Although the entries contain pictures, copy only their text, exactly as written.

Given entries below:

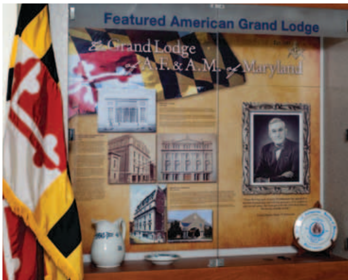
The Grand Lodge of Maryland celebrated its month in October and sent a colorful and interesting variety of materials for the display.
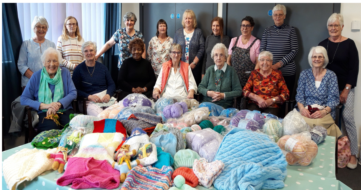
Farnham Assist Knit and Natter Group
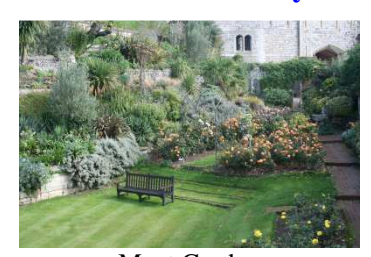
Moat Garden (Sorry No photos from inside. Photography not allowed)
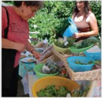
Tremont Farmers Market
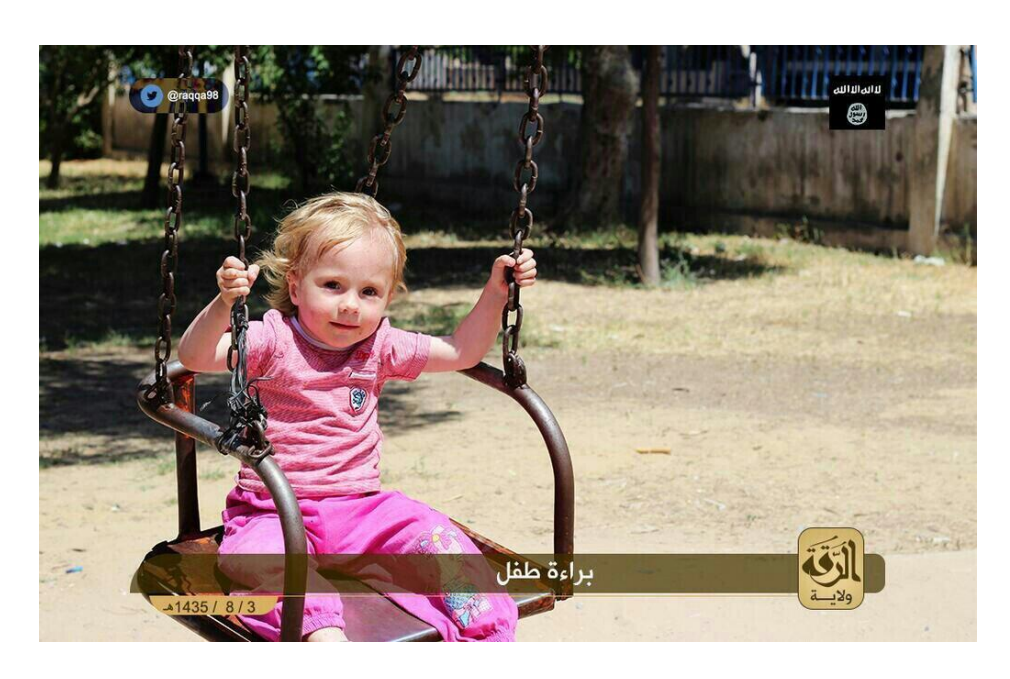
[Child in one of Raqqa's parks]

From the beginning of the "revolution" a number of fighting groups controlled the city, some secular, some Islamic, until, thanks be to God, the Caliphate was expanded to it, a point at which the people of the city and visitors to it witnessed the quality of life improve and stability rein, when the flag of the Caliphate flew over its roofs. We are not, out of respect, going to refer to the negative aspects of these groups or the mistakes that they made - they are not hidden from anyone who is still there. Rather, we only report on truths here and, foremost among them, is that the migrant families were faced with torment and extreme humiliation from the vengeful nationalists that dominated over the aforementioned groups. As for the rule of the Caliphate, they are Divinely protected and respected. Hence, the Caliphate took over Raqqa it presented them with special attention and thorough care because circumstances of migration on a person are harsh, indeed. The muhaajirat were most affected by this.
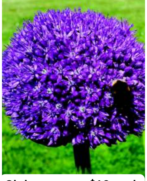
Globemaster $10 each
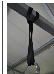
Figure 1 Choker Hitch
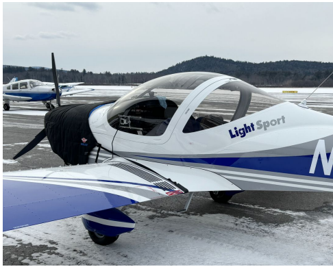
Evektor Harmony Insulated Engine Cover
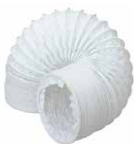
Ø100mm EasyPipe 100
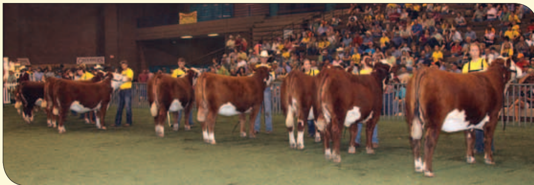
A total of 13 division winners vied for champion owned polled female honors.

End of Given entries.

■ Answer box
The Grand Lodge of Maryland celebrated its month in October and sent a colorful and interesting variety of materials for the display.
Farnham Assist Knit and Natter Group
Moat Garden (Sorry No photos from inside. Photography not allowed)
Tremont Farmers Market
[Child in one of Raqqa's parks]

From the beginning of the "revolution" a number of fighting groups controlled the city, some secular, some Islamic, until, thanks be to God, the Caliphate was expanded to it, a point at which the people of the city and visitors to it witnessed the quality of life improve and stability rein, when the flag of the Caliphate flew over its roofs. We are not, out of respect, going to refer to the negative aspects of these groups or the mistakes that they made - they are not hidden from anyone who is still there. Rather, we only report on truths here and, foremost among them, is that the migrant families were faced with torment and extreme humiliation from the vengeful nationalists that dominated over the aforementioned groups. As for the rule of the Caliphate, they are Divinely protected and respected. Hence, the Caliphate took over Raqqa it presented them with special attention and thorough care because circumstances of migration on a person are harsh, indeed. The muhaajirat were most affected by this.
Globemaster $10 each
Figure 1 Choker Hitch
Evektor Harmony Insulated Engine Cover
Ø100mm EasyPipe 100
A total of 13 division winners vied for champion owned polled female honors.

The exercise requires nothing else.